Achilles Torn wrote:Grouseman. Sorry to hear about your wife's recent blockage. I hope things are getting better.
This is an interesting trial to me as well. You mention ERRB pathways to get around EGFR inhibition. That interests me as I have ERRB4 mutation. Did the paper you read indicate having such a mutation would make EGFR inhibitors ineffective so maybe not the trial for me ?
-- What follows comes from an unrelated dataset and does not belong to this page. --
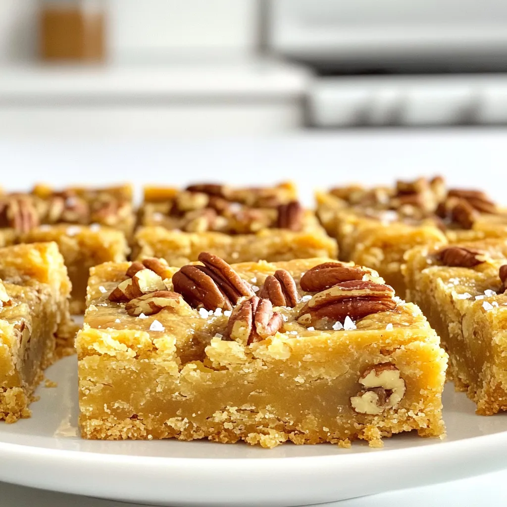 To make Brown Butter Maple Pecan Shortbread Bars, gather these ingredients: - 1 cup unsalted butter (2 sticks), browned - 1/2 cup maple syrup - 3/4 cup granulated sugar - 1/2 teaspoon salt - 2 cups all-purpose flour - 1/2 cup finely chopped toasted pecans - 1 teaspoon vanilla extract - Optional: Sea salt for sprinkling You can make a few swaps if needed. Here are some ideas: - Unsalted butter: Use salted butter. Just reduce or skip the added salt. - Maple syrup: Honey or agave syrup works well too. These will change the flavor slightly. - All-purpose flour: Almond flour or oat flour are good gluten-free options. - Chopped pecans: Try walnuts or hazelnuts for a different nutty twist. Using high-quality ingredients makes a big difference. Fresh, unsalted butter gives a rich taste. Pure maple syrup adds depth and sweetness. When you choose good flour, it helps with texture. Fresh pecans boost flavor and crunch. Quality matters for the best results. Your bars will taste much better with these choices. They will impress your family and friends. First, heat your oven to 350°F (175°C). Grab an 8x8 inch baking pan. Line it with parchment paper. Leave some paper hanging over the sides. This helps you lift the bars out later. Next, take a medium saucepan. Add the unsalted butter to it. Melt the butter over medium heat. Stir it often as it cooks. Watch closely as it turns golden brown. This should take about 5 minutes. You’ll smell a nutty aroma when it’s ready. Remove it from heat and let it cool a bit. In a large bowl, pour in the browned butter. Add the maple syrup, granulated sugar, and salt. Whisk these together until smooth. Then, mix in the vanilla extract. After that, slowly add the flour. Mix gently until just combined. Be careful not to over-mix! Finally, fold in the finely chopped toasted pecans. Pour the batter into your prepared pan. Spread it evenly across the bottom. Bake in the preheated oven for 20-25 minutes. Look for lightly golden edges. A toothpick should come out clean when inserted in the center. Once baked, take the pan out of the oven. Let it cool for 10 minutes. Use the parchment paper to lift the bars from the pan. Place them on a wire rack to cool completely. If you like, sprinkle a bit of sea salt on top before slicing. Cut into squares and enjoy! To make great brown butter, heat unsalted butter in a pan. Stir it often as it melts. Keep an eye on it. You want it to turn golden brown. This usually takes about five minutes. The nutty smell shows it's ready. Remove it from heat quickly to avoid burning. Let it cool slightly before mixing with other ingredients. This step adds rich flavor to your shortbread bars. When you mix your batter, do it gently. Combine the wet and dry ingredients just until they blend. Over-mixing can lead to tough bars. Use a spatula to fold in the flour, and then the pecans. This keeps your bars soft and crumbly. Remember, less is more here! To get the best texture, use the right flour. All-purpose flour works best for these bars. The pecans should be finely chopped and toasted for rich flavor. If you want a touch of saltiness, sprinkle sea salt on top before baking. This brings out the sweetness of the maple syrup. Enjoy the warm bars with a cup of tea or coffee! {{image_2}} You can switch up the nuts in these bars. Walnuts or almonds work great too. They add a new crunch and flavor. If you want some spice, try adding cinnamon or nutmeg. Just a pinch can make a big difference. Experiment with different nuts to find your favorite mix. If you don’t have maple syrup, you can use honey or agave syrup. These will change the taste but still keep it sweet. You can also use brown sugar for a deeper flavor and richness. Just remember that each sweetener has a unique taste profile. These bars taste amazing on their own, but they shine with ice cream. Vanilla or caramel ice cream pairs really well. You can also serve them with whipped cream for extra fluff. Drizzle some extra maple syrup on top for a sweet touch. These options make your dessert even more delightful and fancy! Store your Brown Butter Maple Pecan Shortbread Bars in an airtight container. This keeps them fresh. Place parchment paper between layers to prevent sticking. Keep the container at room temperature. Avoid direct sunlight or heat. You can freeze these bars for later. First, let them cool completely. Cut them into squares. Wrap each square in plastic wrap. Place the wrapped bars in a freezer bag. They will stay good for up to three months. When you want to eat them, thaw overnight in the fridge. These bars stay fresh for about a week at room temperature. You can also store them in the fridge for up to two weeks. If you notice any change in color or smell, toss them out. For the best taste, enjoy them within the first few days. To cut shortbread bars, first let them cool completely. Once cool, lift them out of the pan using the parchment paper. Use a sharp knife for clean cuts. I like to cut them into squares or rectangles. Wipe the knife with a damp cloth between cuts. This helps keep the edges neat. You can use salted butter, but it will change the taste. The bars may end up saltier. If you choose salted, skip the added salt in the recipe. Unsalted butter gives you more control over the flavor. I recommend sticking with unsalted for the best results. To check if the bars are done, look for golden edges. A toothpick inserted in the center should come out clean. The top should look set and slightly firm. If it still looks wet, give it a few more minutes. Keep a close eye, as overbaking can dry them out. Brown butter has a rich, nutty flavor. You make it by cooking butter until it turns golden brown. This process creates a deeper taste that enhances your bars. Regular butter does not have this complexity. The browning also adds a lovely aroma that fills your kitchen. This blog post guided you through making perfect shortbread bars. We covered key ingredients, from measurements to q

Well - I went looking for the paper again and couldn't find it in any of my saved web pages about EGFr inhibitors which is one of the anticancer drug candidates I worked on (dacomitinib) in some of its early synthetic stages. It will likely depend on the ERBB4 mutation. The particular EGFr inhibitor in this study is Erbitux (Cetuximab) a Monoclonal antibody, that binds to the surface EGFr protein - I am not sure of the specific binding site. But generally its not usually the ATP binding pocket like small molecule EGFr inhibitors bind. I don't know to what extent the antibody binds to other ERbb family members. Probably non at all.
The mutation you have they may not know if its driving your cancer or not. But I suspect that if it is the Erbitux will not bind to it anyway. You would need a different EGFr inhibitor that binds both EGFr and ERBB4. Wouldn't hurt if it also bound to the others Erbb2, 3 as well. Dacomitinib does bind EGFr, Erbb2 and Erbb4.
Here is a link about Erbb4: https://en.wikipedia.org/wiki/ERBB4
another about Dacomitinib: http://pubs.acs.org/doi/abs/10.1021/bk-2016-1239.ch008
It never hurt to ask the Clinical Trial manager if you qualify or not.
If I could create a clinical trial similar to this I would elect to use Dacomitinib + Keytruda instead.